▶ PROBLEM STATEMENT: Begin the copy at the line that contains "NB H180 適用22-32吋桌上型螢幕氣壓式支架+FP-2筆電托盤架,人體工學螢幕桌面顯示器支架,(歡迎來電洽詢)", end it at the last line of the entries below, keep every word exact, and include no pictures.

(Entries taken from a collection)
******

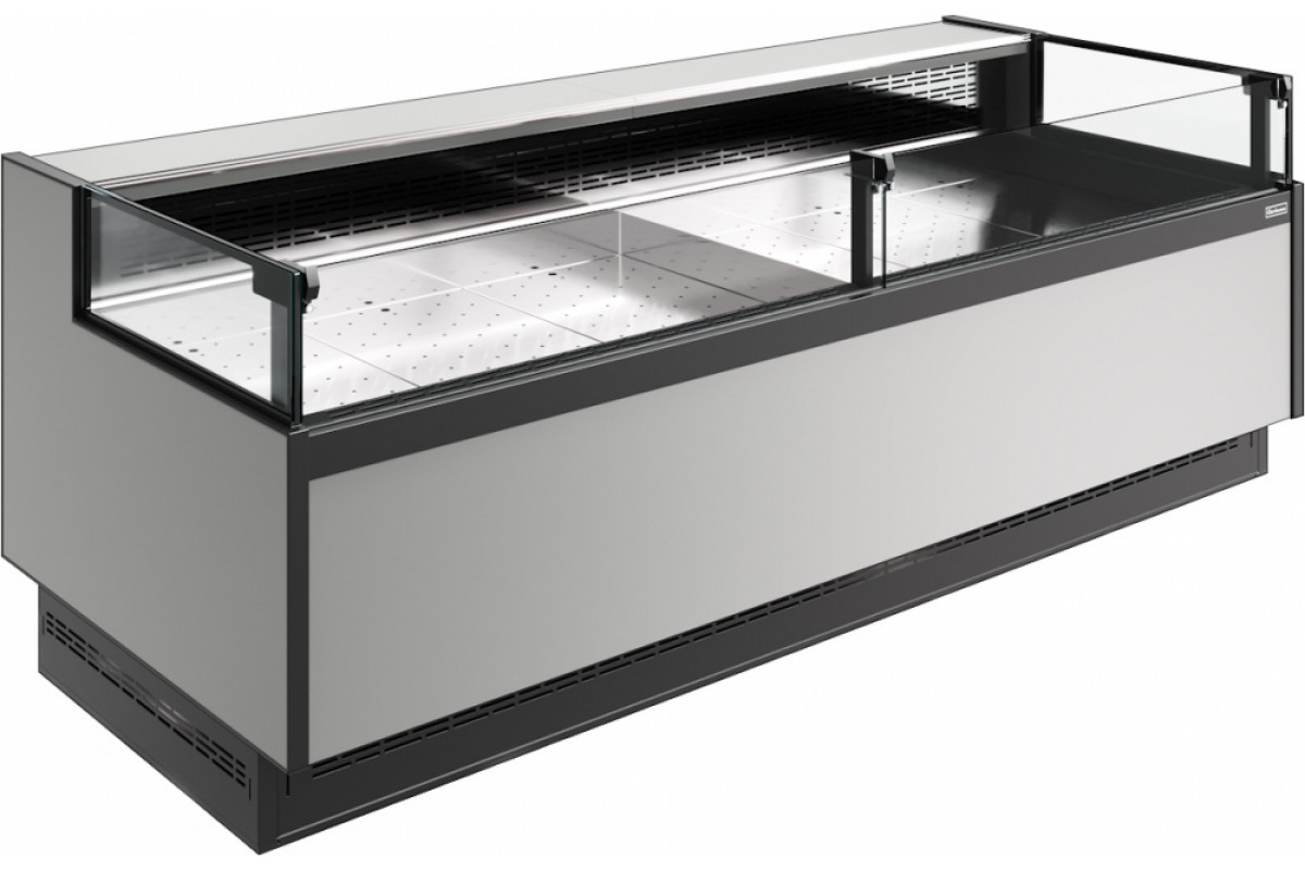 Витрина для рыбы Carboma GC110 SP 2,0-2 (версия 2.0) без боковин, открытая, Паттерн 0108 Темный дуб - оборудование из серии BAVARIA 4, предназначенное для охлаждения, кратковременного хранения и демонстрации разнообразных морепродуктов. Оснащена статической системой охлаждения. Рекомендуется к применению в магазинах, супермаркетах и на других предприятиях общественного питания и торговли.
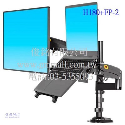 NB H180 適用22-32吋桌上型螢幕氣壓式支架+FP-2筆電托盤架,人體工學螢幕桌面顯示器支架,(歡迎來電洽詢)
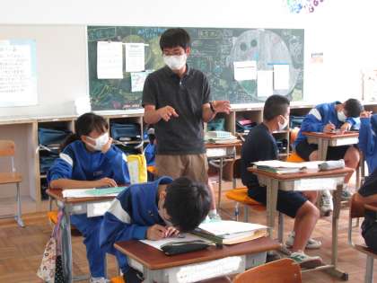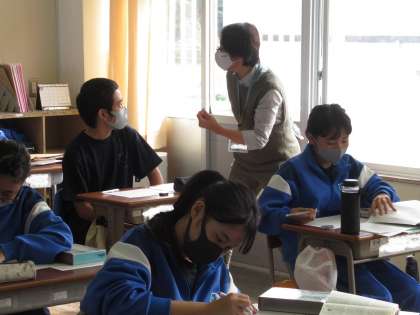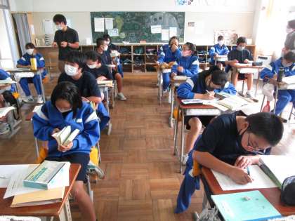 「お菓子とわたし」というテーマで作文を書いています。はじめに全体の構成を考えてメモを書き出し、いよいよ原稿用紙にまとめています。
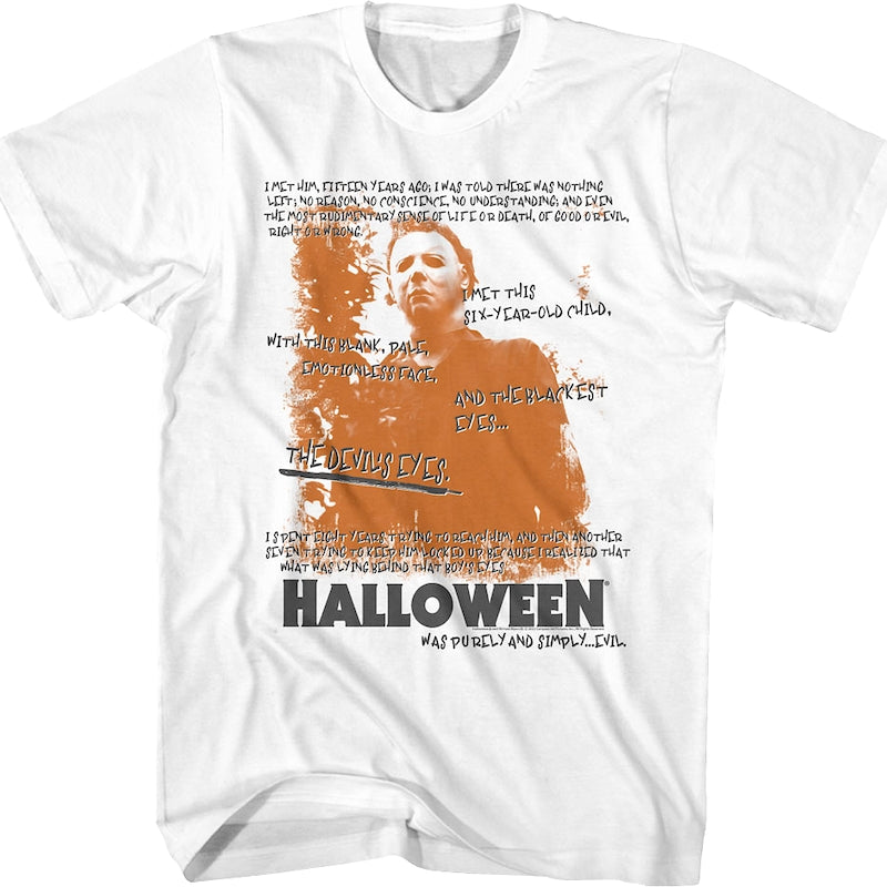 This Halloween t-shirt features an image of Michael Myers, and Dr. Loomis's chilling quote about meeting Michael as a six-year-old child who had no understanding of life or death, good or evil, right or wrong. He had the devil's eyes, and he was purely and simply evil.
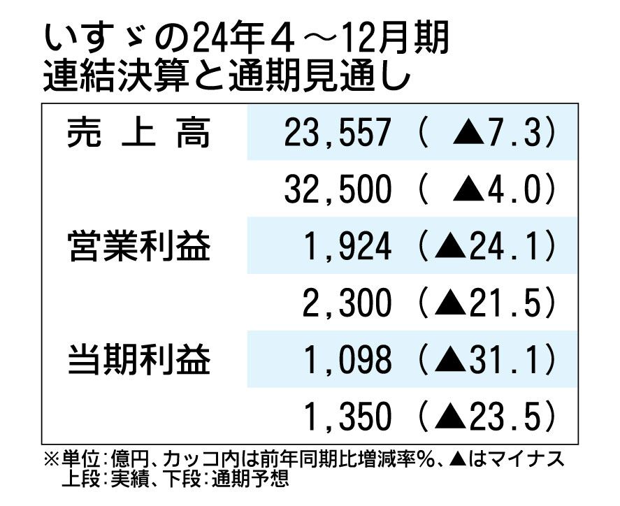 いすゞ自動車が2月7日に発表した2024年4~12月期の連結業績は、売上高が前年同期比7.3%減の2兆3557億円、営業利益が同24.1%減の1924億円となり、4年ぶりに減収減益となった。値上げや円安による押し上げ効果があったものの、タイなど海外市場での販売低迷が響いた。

******

▶ ANSWER BOX:
 NB H180 適用22-32吋桌上型螢幕氣壓式支架+FP-2筆電托盤架,人體工學螢幕桌面顯示器支架,(歡迎來電洽詢)
 「お菓子とわたし」というテーマで作文を書いています。はじめに全体の構成を考えてメモを書き出し、いよいよ原稿用紙にまとめています。
 This Halloween t-shirt features an image of Michael Myers, and Dr. Loomis's chilling quote about meeting Michael as a six-year-old child who had no understanding of life or death, good or evil, right or wrong. He had the devil's eyes, and he was purely and simply evil.
 いすゞ自動車が2月7日に発表した2024年4~12月期の連結業績は、売上高が前年同期比7.3%減の2兆3557億円、営業利益が同24.1%減の1924億円となり、4年ぶりに減収減益となった。値上げや円安による押し上げ効果があったものの、タイなど海外市場での販売低迷が響いた。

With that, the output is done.